Pick up anything: Figure robots equipped with Helix can now pick up virtually any small household object, including thousands of items they have never encountered before, simply by following natural language prompts.
One neural network: Unlike prior approaches, Helix uses a single set of neural network weights to learn all behaviors—picking and placing items, using drawers and refrigerators, and cross-robot interaction—without any task-specific fine-tuning.
Commercial-ready: Helix is the first VLA that runs entirely onboard embedded low-power-consumption GPUs, making it immediately ready for commercial deployment.
New Scaling for Humanoid Robotics
The home presents robotics' greatest challenge. Unlike controlled industrial settings, homes are filled with countless objects–delicate glassware, crumpled clothing, scattered toys–each with unpredictable shapes, sizes, colors, and textures. For robots to be useful in households, they will need to be capable of generating intelligent new behaviors on-demand, especially for objects they've never seen before.

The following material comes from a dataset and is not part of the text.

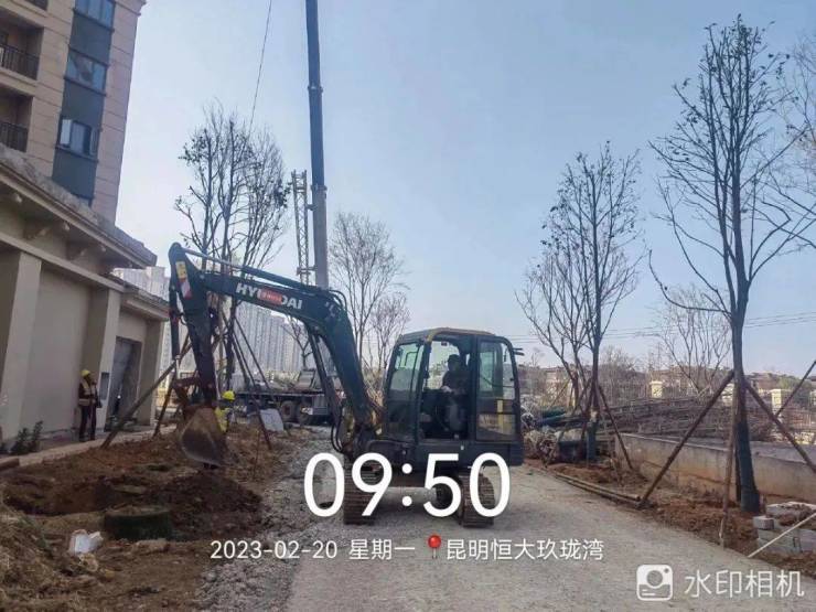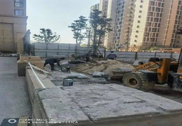 洋房:园区道路水稳料施工完成,4-6、9号楼路沿石安装完成;大树累计种植85棵;4-6号楼前园建石材铺装面平整完成,准备支模浇筑基层;临时施工用水、电已恢复;配电房设备安装完成,通风累计完成80%。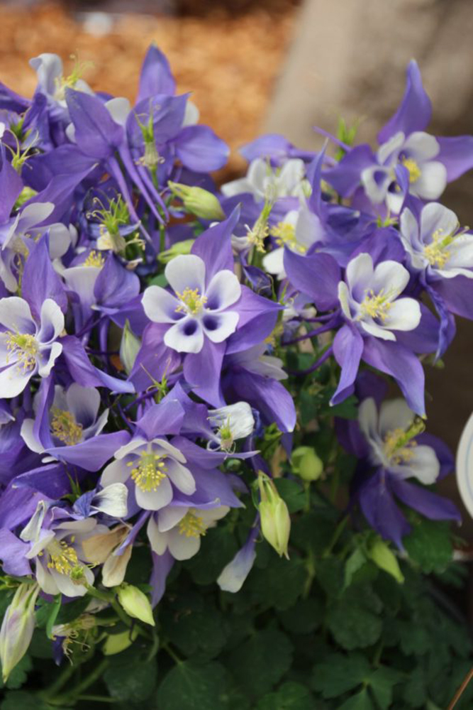 Delicate yet sturdy upright stems top the bushy mound of deeply-cut green foliage, supporting large, blue and white upward-facing flowers with delicate blue spurs. Requires less of a winter chill than other varieties and will bloom earlier in the season. Excellent for mixed borders and rock gardens. An herbaceous perennial.

The current state of robotics will not scale to the home without a step change. Teaching robots even a single new behavior currently requires substantial human effort: either hours of PhD-level expert manual programming or thousands of demonstrations. Both are prohibitively expensive when we consider how vast the problem of the home truly is.
But other domains of AI have mastered this kind of instant generalization. What if we could simply translate the rich semantic knowledge captured in Vision Language Models (VLMs) directly into robot actions? This new capability would fundamentally alter robotics' scaling trajectory (Figure 1). Suddenly, new skills that once took hundreds of demonstrations could be obtained instantly just by talking to robots in natural language. The key problem becomes: how do we extract all this common-sense knowledge from VLMs and translate it into generalizable robot control? We built Helix to bridge this gap.
Helix: A "System 1, System 2" VLA for Whole Upper Body Control
Helix is a first-of-its-kind "System 1, System 2" VLA model for high-rate, dexterous control of the entire humanoid upper body.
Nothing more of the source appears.